## Data block

###

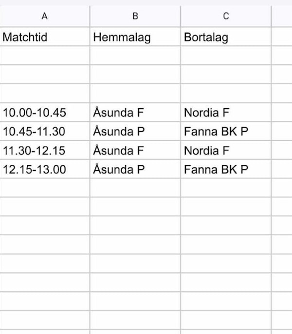 Den 27 april har vi blivit inbjudna att spela 2 matcher mot Åsunda. Hoppas schemat syns bra i filen som kommer här.
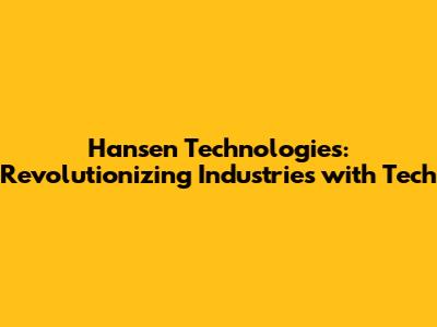 Hansen Technologies: Revolutionizing Industries With Tech
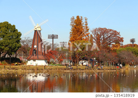 秋の都立浮間公園:浮間ヶ池と風車(東京都北区/板橋区)
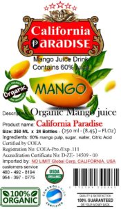 High quality gourmet organic nectar Mango Juice USDA certified 100% No added preservatives

###

## Instructions for the task
The lines to be extracted begin at the line containing "Hansen Technologies: Revolutionizing" and continue through the final line of the material above, both ends included. Reproduce them exactly, without the pictures.

## Problem solution
 Hansen Technologies: Revolutionizing Industries With Tech
 秋の都立浮間公園:浮間ヶ池と風車(東京都北区/板橋区)
 High quality gourmet organic nectar Mango Juice USDA certified 100% No added preservatives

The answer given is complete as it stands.